Fuel Gauge stuck on full

On our 2002 Fleetwood Southwind 32VS, F53 chassis, the fuel gauge always shows full, except when engine is turned off. With engine off, needle goes to empty. RV runs/operates fine otherwise. This just started happening after using the RV for 2 1/2 years (purchased it in 2016). Looking at the chassis doc, there do not appear to be any fuses associated with the gauge. We found no loose wires under the dash but cannot access the area directly under the gauge. Any advice on how to fix this or ideas on where to start troubleshooting? I did see an online post that we should check the sender wires. Would those be on the fuel tank? I'm guessing we would have to crawl under the rear section and try to find the wires somewhere on the fuel tank? Does anyone have pictures/diagrams that would help? I am not a mechanic at all, so apologies for any dumb questions... also this is my first post since joining rv.net. Thanks in advance for any help fellow members can provide.

16 Replies

  • Referring back to a post I made in Sept 2001 wrote:
    The fuel sending unit is a variable resistor controlled by the action of a float arm. When the fuel level is low, resistance in the unit is low (Empty = 17 ± 2 ohms). When the fuel level is high, the resistance is high (156 ± 4 ohms).

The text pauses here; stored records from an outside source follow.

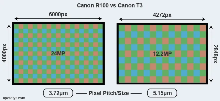 | Sensor Specs | Canon R100 | Canon T3 |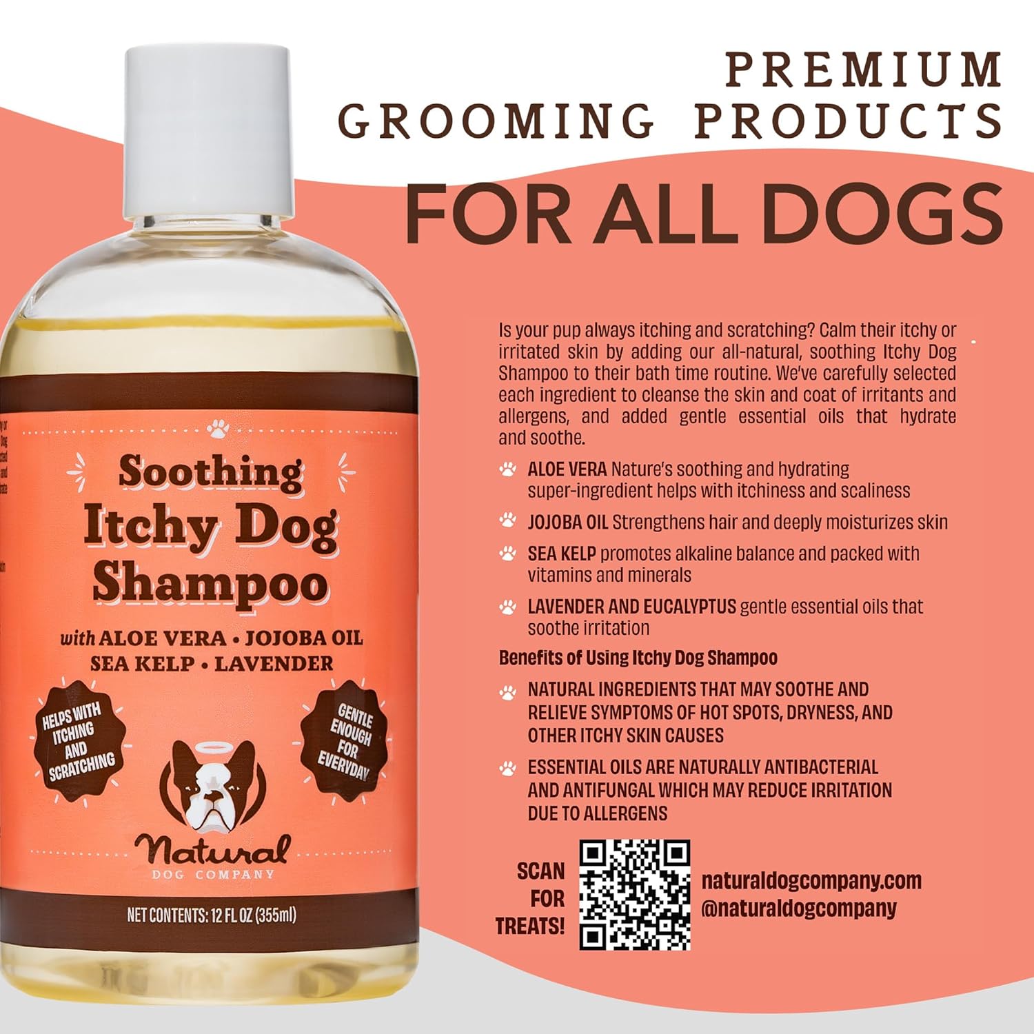 Indulge your pup with a luxurious bath using our all-natural dog shampoo. Formulated with a unique blend of jojoba oil, aloe vera, lavender oil, and eucalyptus oil, this shampoo provides relief from allergies, itching, smelly dogs, de-shedding, dandruff, and dry skin irritation. Safe for puppies 8 weeks and older, as well as other pets, our shampoo leaves coats soft, smooth, and shiny. Say goodbye to itch relief products and stubborn pet dander as our shampoo soothes itchy skin and replenishes essential oils, keeping your pup's coat beautiful longer. For quick, in-between bath refreshment, our Itchy Dog Spritz is your go-to solution. Specifically designed for dogs with itchy skin, this deodorizing spray keeps your pooch smelling fresh and clean. With ingredients like aloe vera, lavender, eucalyptus oils, and calendula extract, this spritz not only masks odors but also hydrates dry skin, soothes skin irritation, and provides additional care for a soft, shiny coat.
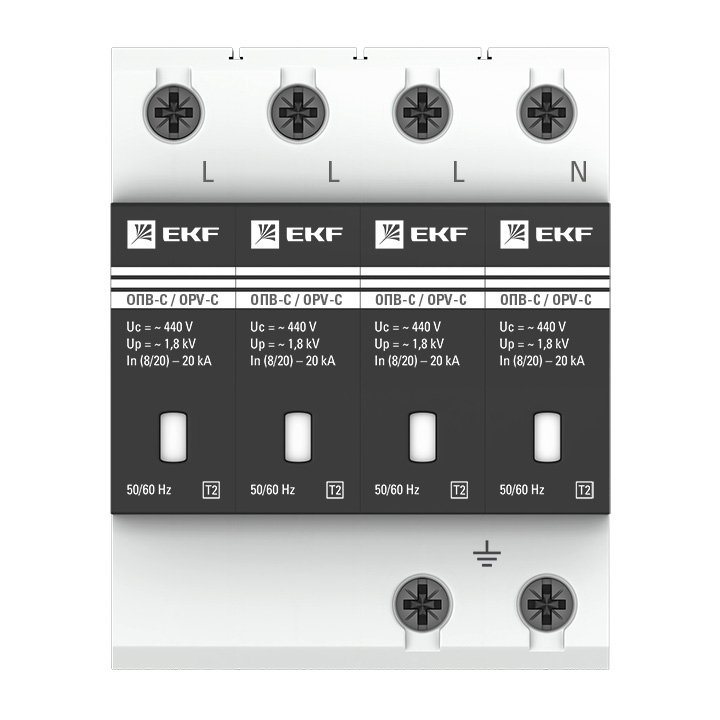 Название производителя: Ограничитель импульсных напряжений ОПВ-C/4P In 20кА 440В с сигн. EKF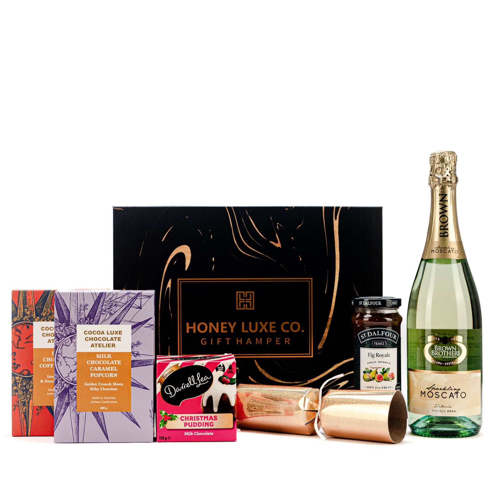 Brown Brothers Sparkling Moscato Christmas Indulgence Hamper — Festive Pudding, Chocolates & Sweet Sparkling Pairings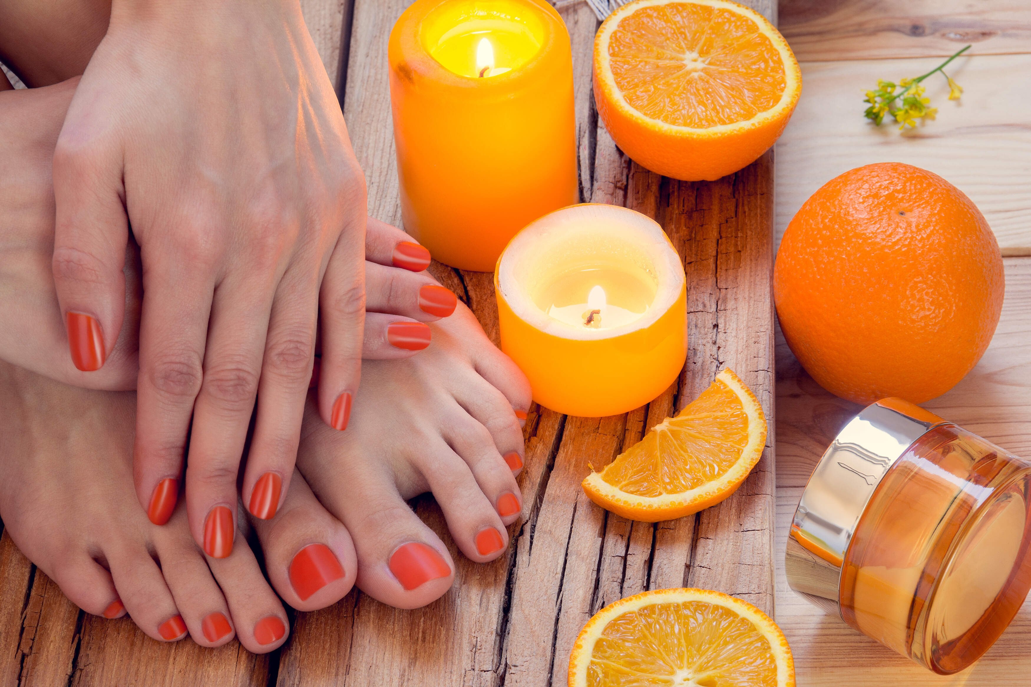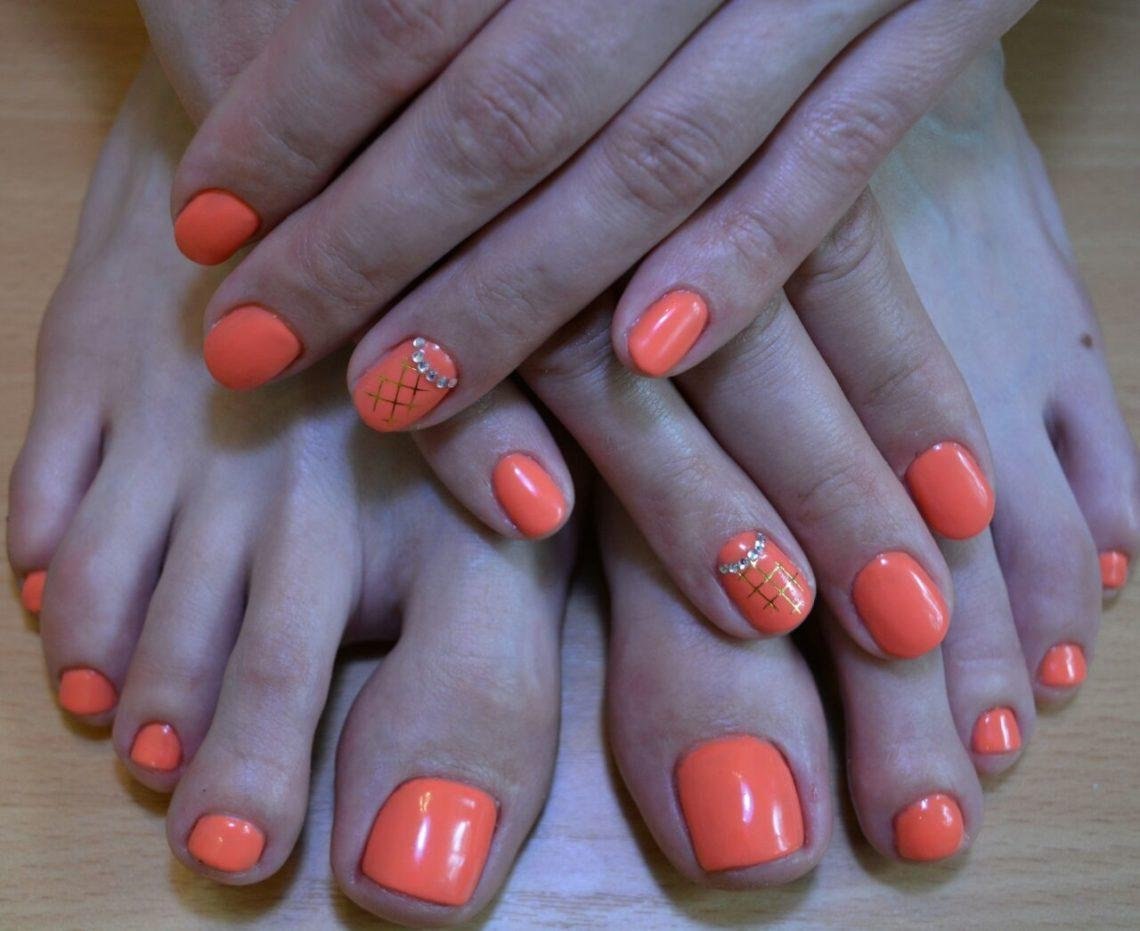 Оранжевый маникюр и педикюр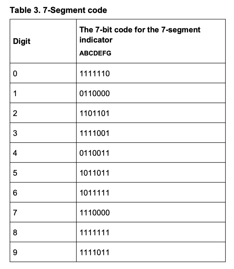 For each column’s digit, a 7-bit binary value is found (m11 – m5), corresponding to the activation of the corresponding digit of the seven-segment display (Table 3).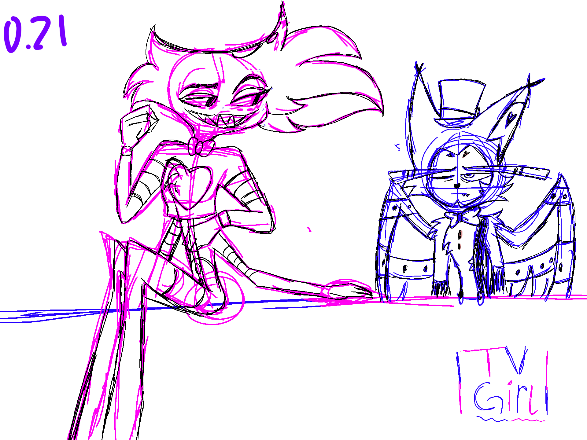 #Angel #Dust #AngelDust #Husk #HuskerDust #Husker #Tv #Girl #TVGIRL #LilyzDoodlez #Sketch #Doodle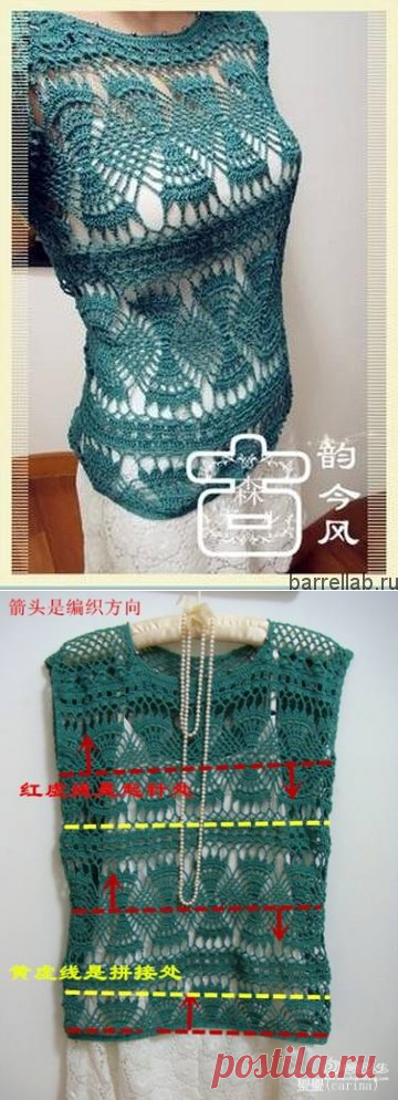 Пуловер ажурный крючком со схемами. Пуловер для лета узором ананас.

    Wire number 1203 (BK/LB) is connected through connector C441 (Left rear of vehicle) and C1046 (Inside left frame rail, near 4WABS module) to G204 Ground (Lower left corner of support [fire] wall. Wire 29 (YE/WH) is the signal going through connector C441 (Left rear of vehicle), C1046 (Inside left frame rail, near 4WABS module), C141 (Lower left corner or dash) and C205 (Left of steering column, behind I/P) to the Instrument Cluster.
    At the time, I had a 2001 Residency. The gas gauge quit working soon after I bought it. I had to by pass the wires to the sending unit when I figured out there was no connectivity between the dash and the tank.

    After I dropped the tank and check the ohm readings on the sending unit, put it back in and raised the tank back up, the engine wouldn't run because the fuel pump wasn't pumping. I dropped the tank again and pulled out the pump. I found the Siamese 1/4 inch spade connector on the pump had lost its tension and burned up the connector. I cut the connector off the end of the wire and replaced it with individual 1/4 inch spade connectors. I put another 40,000 miles on it and the fuel pump was never an issue again.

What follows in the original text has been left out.